◆ What you are asked to do ◆
Below, find the line containing "에스닉 멀티 스트라이프 긴팔셔츠"; from there to the final line, print every line exactly and skip the pictures.

== Extracted information ==

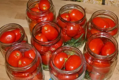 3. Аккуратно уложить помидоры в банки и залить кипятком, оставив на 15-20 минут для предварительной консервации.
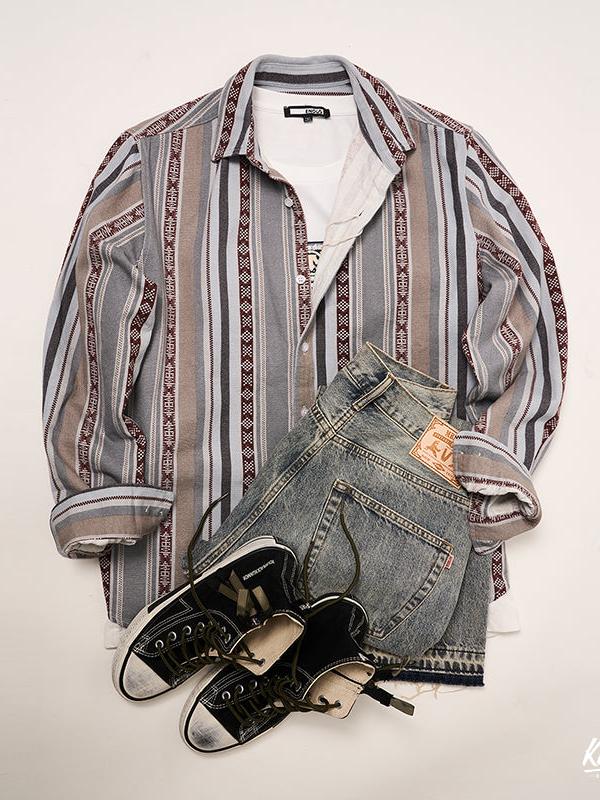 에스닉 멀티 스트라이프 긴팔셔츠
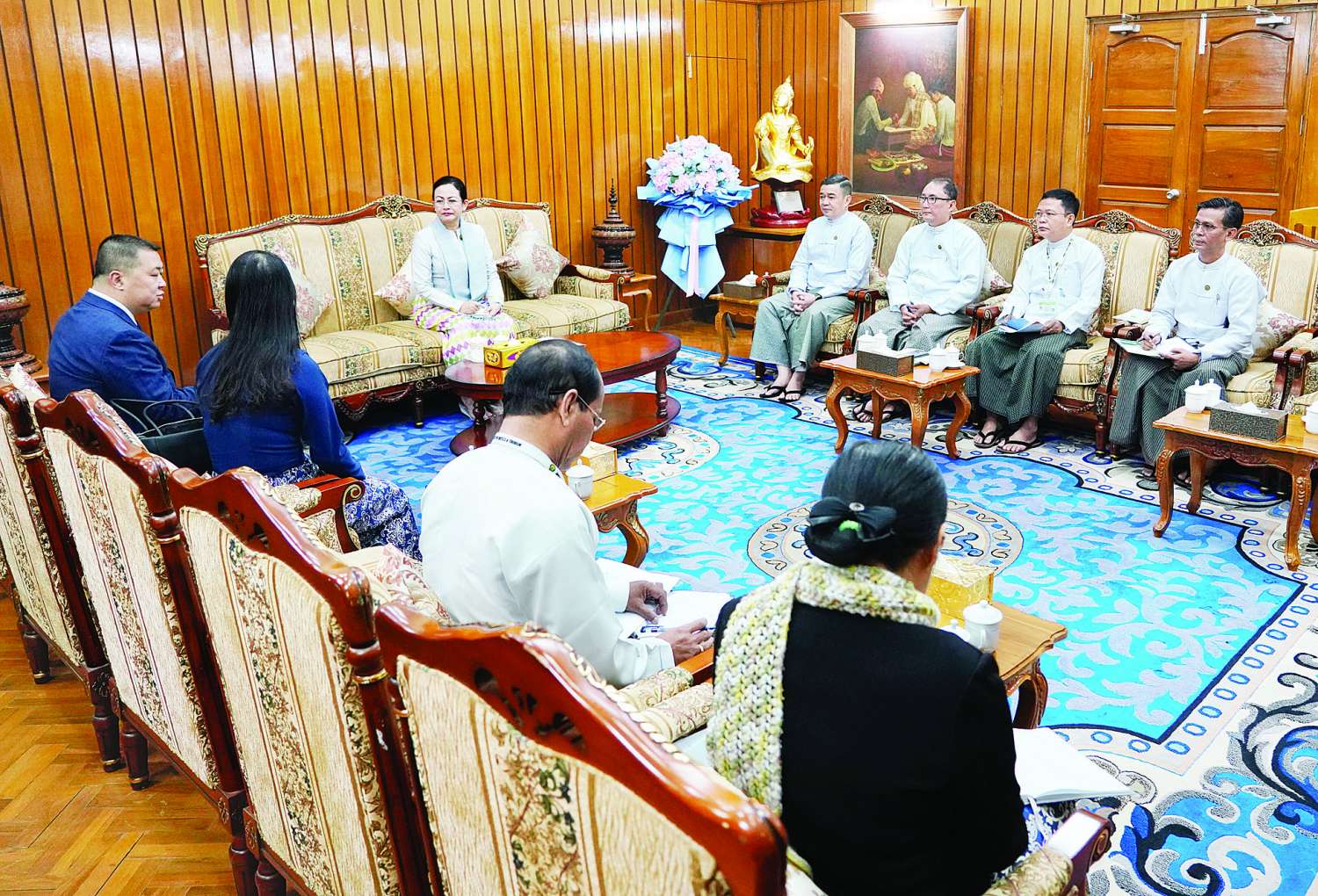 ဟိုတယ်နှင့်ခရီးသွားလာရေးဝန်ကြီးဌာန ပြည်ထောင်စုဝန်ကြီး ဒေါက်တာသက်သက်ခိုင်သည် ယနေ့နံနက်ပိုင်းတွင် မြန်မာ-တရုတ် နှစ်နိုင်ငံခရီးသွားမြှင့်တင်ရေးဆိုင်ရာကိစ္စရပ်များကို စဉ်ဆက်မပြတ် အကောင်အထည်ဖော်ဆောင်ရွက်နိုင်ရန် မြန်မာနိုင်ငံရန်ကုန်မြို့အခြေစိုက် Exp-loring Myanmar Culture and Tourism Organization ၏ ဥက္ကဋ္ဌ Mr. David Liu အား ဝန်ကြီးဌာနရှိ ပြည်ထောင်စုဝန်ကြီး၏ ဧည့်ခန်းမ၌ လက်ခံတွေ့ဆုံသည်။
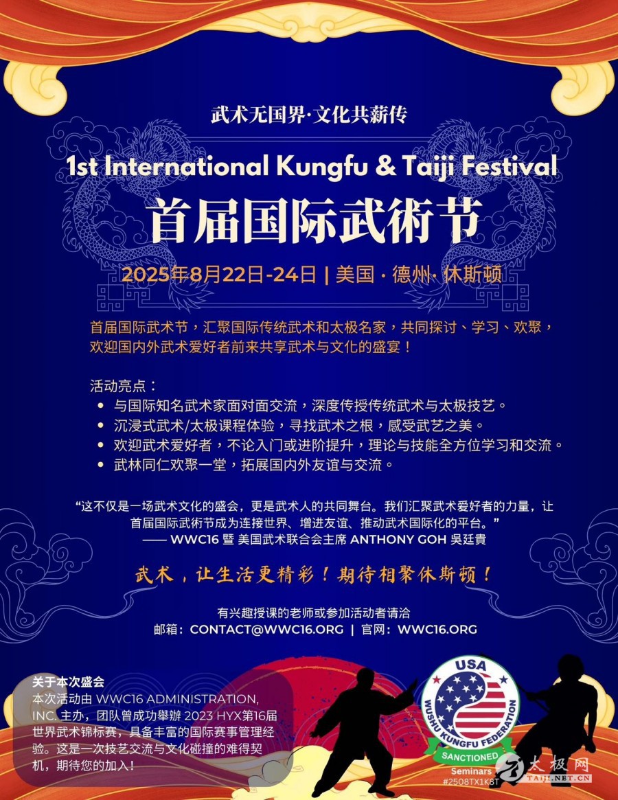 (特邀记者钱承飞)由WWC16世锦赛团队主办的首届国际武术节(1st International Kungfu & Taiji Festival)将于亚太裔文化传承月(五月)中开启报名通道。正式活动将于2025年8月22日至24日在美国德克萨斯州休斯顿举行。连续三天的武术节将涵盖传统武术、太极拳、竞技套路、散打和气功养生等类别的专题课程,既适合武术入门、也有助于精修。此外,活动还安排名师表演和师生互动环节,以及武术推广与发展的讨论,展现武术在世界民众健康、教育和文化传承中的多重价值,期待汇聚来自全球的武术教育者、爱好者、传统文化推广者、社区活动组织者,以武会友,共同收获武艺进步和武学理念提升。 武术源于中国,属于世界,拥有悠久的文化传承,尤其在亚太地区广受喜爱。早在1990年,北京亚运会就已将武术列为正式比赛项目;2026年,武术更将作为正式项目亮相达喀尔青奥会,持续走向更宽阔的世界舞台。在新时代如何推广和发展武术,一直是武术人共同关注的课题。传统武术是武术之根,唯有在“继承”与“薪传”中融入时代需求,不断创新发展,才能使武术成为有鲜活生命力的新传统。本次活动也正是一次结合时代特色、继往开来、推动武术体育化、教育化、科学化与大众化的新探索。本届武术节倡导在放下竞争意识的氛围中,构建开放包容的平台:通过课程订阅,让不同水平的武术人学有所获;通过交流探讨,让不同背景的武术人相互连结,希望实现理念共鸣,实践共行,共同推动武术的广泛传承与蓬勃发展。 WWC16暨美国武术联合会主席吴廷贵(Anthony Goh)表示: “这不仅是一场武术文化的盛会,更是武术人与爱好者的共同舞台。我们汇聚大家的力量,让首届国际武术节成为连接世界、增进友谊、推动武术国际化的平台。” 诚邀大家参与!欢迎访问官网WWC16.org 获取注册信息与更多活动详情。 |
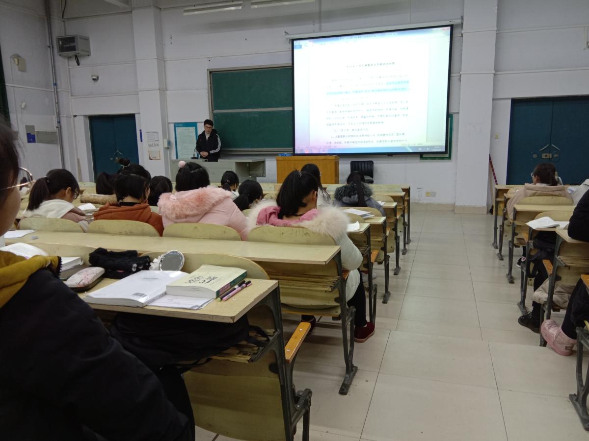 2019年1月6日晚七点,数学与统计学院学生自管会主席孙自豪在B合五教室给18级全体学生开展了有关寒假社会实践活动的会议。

===

◆ Answer space ◆
 에스닉 멀티 스트라이프 긴팔셔츠
 ဟိုတယ်နှင့်ခရီးသွားလာရေးဝန်ကြီးဌာန ပြည်ထောင်စုဝန်ကြီး ဒေါက်တာသက်သက်ခိုင်သည် ယနေ့နံနက်ပိုင်းတွင် မြန်မာ-တရုတ် နှစ်နိုင်ငံခရီးသွားမြှင့်တင်ရေးဆိုင်ရာကိစ္စရပ်များကို စဉ်ဆက်မပြတ် အကောင်အထည်ဖော်ဆောင်ရွက်နိုင်ရန် မြန်မာနိုင်ငံရန်ကုန်မြို့အခြေစိုက် Exp-loring Myanmar Culture and Tourism Organization ၏ ဥက္ကဋ္ဌ Mr. David Liu အား ဝန်ကြီးဌာနရှိ ပြည်ထောင်စုဝန်ကြီး၏ ဧည့်ခန်းမ၌ လက်ခံတွေ့ဆုံသည်။
 (特邀记者钱承飞)由WWC16世锦赛团队主办的首届国际武术节(1st International Kungfu & Taiji Festival)将于亚太裔文化传承月(五月)中开启报名通道。正式活动将于2025年8月22日至24日在美国德克萨斯州休斯顿举行。连续三天的武术节将涵盖传统武术、太极拳、竞技套路、散打和气功养生等类别的专题课程,既适合武术入门、也有助于精修。此外,活动还安排名师表演和师生互动环节,以及武术推广与发展的讨论,展现武术在世界民众健康、教育和文化传承中的多重价值,期待汇聚来自全球的武术教育者、爱好者、传统文化推广者、社区活动组织者,以武会友,共同收获武艺进步和武学理念提升。 武术源于中国,属于世界,拥有悠久的文化传承,尤其在亚太地区广受喜爱。早在1990年,北京亚运会就已将武术列为正式比赛项目;2026年,武术更将作为正式项目亮相达喀尔青奥会,持续走向更宽阔的世界舞台。在新时代如何推广和发展武术,一直是武术人共同关注的课题。传统武术是武术之根,唯有在“继承”与“薪传”中融入时代需求,不断创新发展,才能使武术成为有鲜活生命力的新传统。本次活动也正是一次结合时代特色、继往开来、推动武术体育化、教育化、科学化与大众化的新探索。本届武术节倡导在放下竞争意识的氛围中,构建开放包容的平台:通过课程订阅,让不同水平的武术人学有所获;通过交流探讨,让不同背景的武术人相互连结,希望实现理念共鸣,实践共行,共同推动武术的广泛传承与蓬勃发展。 WWC16暨美国武术联合会主席吴廷贵(Anthony Goh)表示: “这不仅是一场武术文化的盛会,更是武术人与爱好者的共同舞台。我们汇聚大家的力量,让首届国际武术节成为连接世界、增进友谊、推动武术国际化的平台。” 诚邀大家参与!欢迎访问官网WWC16.org 获取注册信息与更多活动详情。 |
 2019年1月6日晚七点,数学与统计学院学生自管会主席孙自豪在B合五教室给18级全体学生开展了有关寒假社会实践活动的会议。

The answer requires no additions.